House Intelligence Committee Chair Mike Rogers called the U.S. deal with the Taliban for the release of Sgt. Bowe Bergdahl a "serious geopolitical mistake," and said he is "absolutely convinced" that the five Taliban members transferred from the Guantanamo detention center will return to the battlefield against the United States.
"We have made a serious, serious geopolitical mistake. We've empowered the Taliban," Rogers, R-Mich., told George Stephanopoulos this morning on "This Week." "The one thing that they wanted more than anything, George, was recognition from the U.S. government so they can use that to propagandize against areas that are unsecure still in Afghanistan. They got all of that."
Rogers said he is certain the five Taliban members released from Guantanamo to Doha, Qatar, for the next year will use their time to prepare to return to the fight in Afghanistan, as they are free to meet with Taliban political leaders in Doha and can have family members travel to Qatar.
"We believe that's certainly an opportunity for a courier network, to get them prepared for what's next," Rogers said.
"I don't think you'll see any operational activity right now by them. They're smart enough to know better," Rogers added. "But it allows them to prepare for what's next. And that's going to be to join the fight against what Americans are left in Afghanistan in 51 weeks… I am convinced, absolutely convinced of that."
Rogers said he believes the Obama administration's willingness to negotiate trading prisoners with the Taliban over Bergdahl's release may lead to hostage-taking in the Middle East.
"We are going to pay for this decision for years," he said.
"This is a huge regional and geopolitical problem for the United States moving forward," Rogers said. "Hostages are now currency in this war on terror. That's always dangerous for both diplomats, aid workers, soldiers on the battlefield."
Rogers, who said Congress should have been consulted more on the deal, said not enough conditions were met for the release of Bergdahl, citing the words of former Secretary of State Hillary Clinton.
"The Secretary of State at that time, Hillary Clinton, said that if all of our conditions aren't met, then none of them will be met," Rogers said. "And it was conditions like renouncing violence, adhering to the Afghan constitution and making sure that women are treated fairly in Afghanistan. We got none of that."

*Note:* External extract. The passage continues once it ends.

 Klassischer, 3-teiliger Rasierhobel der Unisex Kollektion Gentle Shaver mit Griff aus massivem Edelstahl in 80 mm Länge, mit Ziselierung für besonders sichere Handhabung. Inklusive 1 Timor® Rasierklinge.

Rogers also said the fact that Bergdahl was held in Pakistan raises questions about other options the U.S. could have pursued for Bergdahl's release.
"Remember, he was in Pakistan, not all that far, we believe, from an ISI, their intelligence service, and military outposts," Rogers said. "We never went at Pakistan with any level of pressure to say you're going to have to help us solve this problem."

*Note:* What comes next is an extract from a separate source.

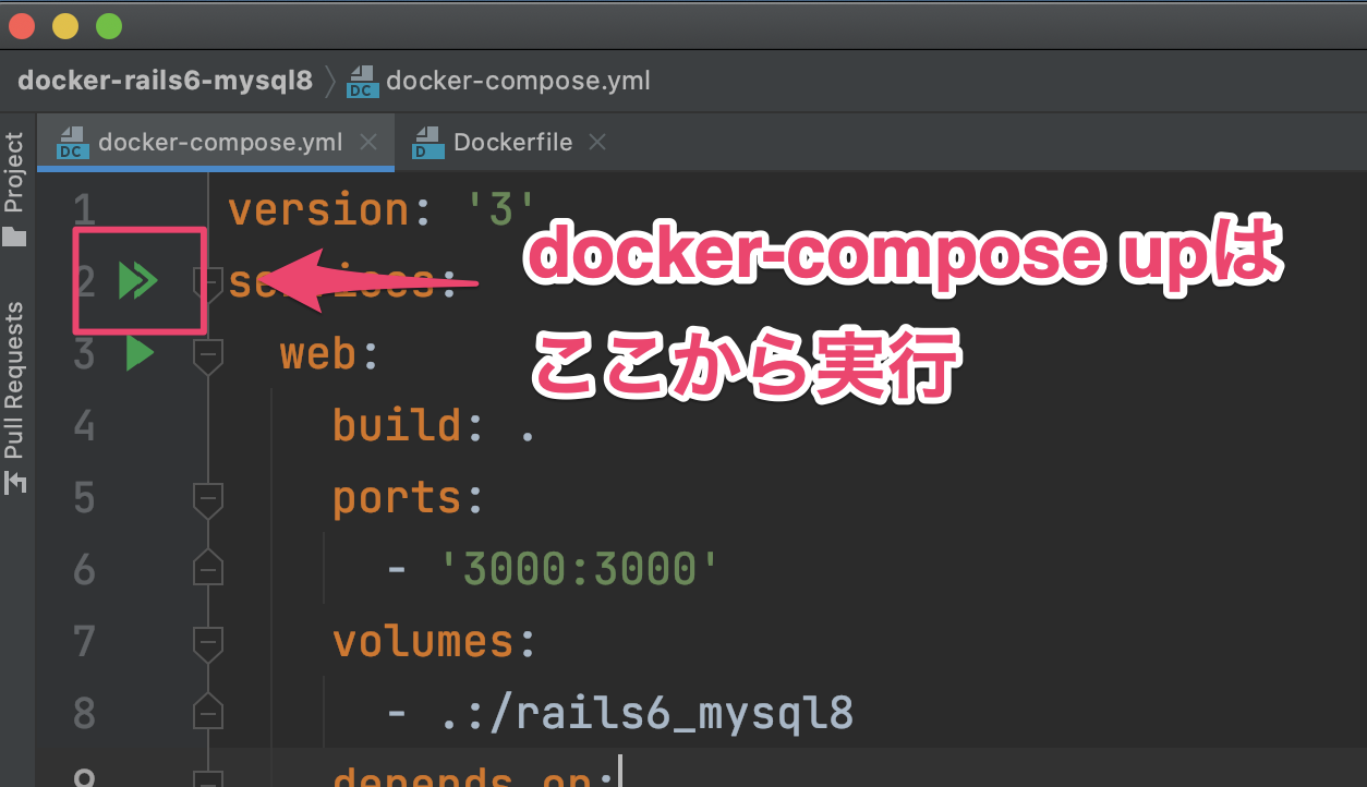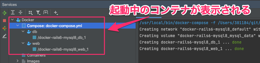 docker-compose.ymlのservicesプロパティの部分にある矢印アイコンをクリックするとdocker-compose upが実行されます。

As Bergdahl recovers from his captivity in Landstuhl, Germany, before his eventual return to the U.S., Rogers also said that questions must still be answered about his leaving his post voluntarily before he was captured by the Taliban five years ago.
"I think that the Department of Defense needs to do a very thorough investigation," Rogers said. "You jeopardize other soldiers when you walk away from your post, period and end of story. And that's a serious, serious matter in a combat zone."